- School campus
- Chengdu, Sichuan China

Information
- Other name: Chengdu High School (成都中学)
- Type: Public
- Established: 1906
- Headmaster: Yi Guodong (易国栋)
- Colors: blue and white
- Website: cdqz.net

= Sichuan Chengdu No.7 High School =

Sichuan Chengdu No.7 High School (四川省成都市第七中学), also known as Chengdu High School (成都中学), is a public high school in Wuhou, Chengdu, Sichuan, China.

Established in 1905, the school was formerly known as Chengdu County Middle School before 1952. It is one of the first key high schools designated by Ministry of Education of China. Considered to be the top high school in Sichuan Province and Western China, Chengdu No.7 High school is well known across China for its high-quality education and excellent academic performance in science and mathematics. It is one of the four "National Model High schools" in China. Most of the students in Chengdu No.7 High School are admitted in the top universities in China and prestigious universities in the world every year.

==History==
A brief history of the school follows:

Mochi Academy (Mochi Shuyuan) was founded in the era of the Song dynasty of China.

In 1852, Mochi Academy was split into two academies, Mochi Academy and Furong Academy (Furong Shuyuan). The two academies then merged in 1905 and established Chengdu County Advanced Elementary School, a four-year school.

In 1931, Chengdu County High School, three-year senior middle class was established.

In 1950, Chengdu County Female High School was merged into Chengdu County Middle School.

In 1952, Chengdu County Middle School renamed as Chengdu No. 7 High School.

In 2014, Chengdu No.7 High School added sign "Chengdu High School".

==Notable alumni==
- Chen Jiayong, metallurgist and chemical engineer, Member of China Academy of Sciences
- Li Yinyuan, physicist, Member of China Academy of Sciences
- Zhang Xingdong, biomedical scientist, Member of Chinese Academy of Engineering, Foreign member of National Academy of Engineering, U.S., Chairman of International Union of Societies for Biomaterials Science and Engineering, IUSBSE
- Fei-fei Li, Member of the National Academy of Engineering, the National Academy of Medicine, and the American Academy of Arts and Sciences
- Wang Xiaochuan, Founder & CEO of Sogou Inc.
- Chen Rui, President & CEO of Bilibili Inc., founder of Cheetah Mobile
- David Daokui Li, Economist, Director of the Center for China in the World Economy (CCWE) at Tsinghua University
- Wei Zhang, Recipient of the SASTRA Ramanujan Prize, Fellow of the American Mathematical Society, Professor at MIT

==Foreign Exchange Program==
Chengdu No.7 High School has an exchange program with Jenks Public Schools, IGS Bonn Beuel and Brockenhurst College since 2003.

==Campus culture==
There are four major student's Organisations in Chengdu No.7 High school: CYLC Committee (共青团委员会), student union (学生会), science and technology association (科协) and united clubs association (社联, UCA), which are administrating by students.
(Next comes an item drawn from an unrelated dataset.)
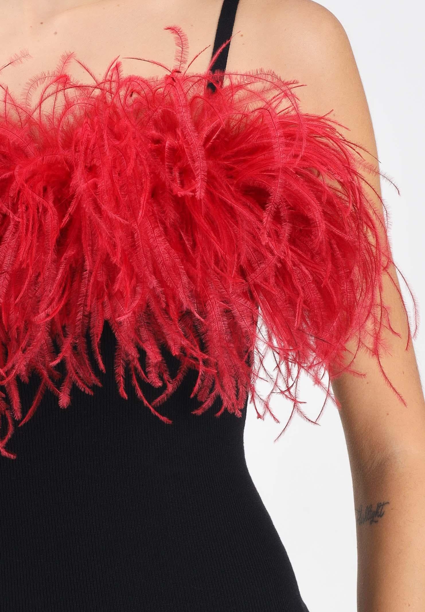 NOELL MAGGINI Schwarzes Midikleid für Damen mit burgunderfarbenen Federn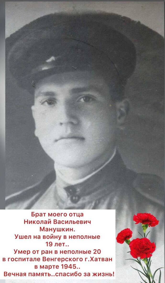 Нет в России семьи такой, Где б не памятен был свой герой, И глаза молодых солдат, С фотографий увядших глядят. Этот взгляд, словно высший суд, Для ребят, что сейчас растут. И мальчишкам нельзя: Ни солгать, ни обмануть, Ни с пути свернуть!!! Брат моего отца, Манушкин Николай Васильевич, ушел на войну в неполные 19 лет, умер от ран в марте 1945 года..в неполные 20 лет.. Мой отец, Манушкин Валентин Васильевич, труженик тыла. Учитель истории с 59-леьним стажем. Долгое время-директор 1 Пересыпкинской школы. Воспитал не одно поколение благодарных учеников. Ушел из жизни в пролом году в возрасте 95 лет.. Трудно подбирать слова! «Люди! Пока сердца стучатся, помните! Какою ценой завоевано счастье! Пожалуйста! Помните!..» Помним! Гордимся! Благодарим!.. Вечная память..

There are more than 30 other club in the school such as Model United Nations, Volleyball club, Zhaohua literature Club, New Babel Club, English debating club and EYE cosplay clubs.

Students at Chengdu No. 7 High School have earned numerous awards such as the Vex Robotics World Championship, the National High School Students Leadership Championship, and the Grand Prize at National Financial Literacy Competition, to name a few.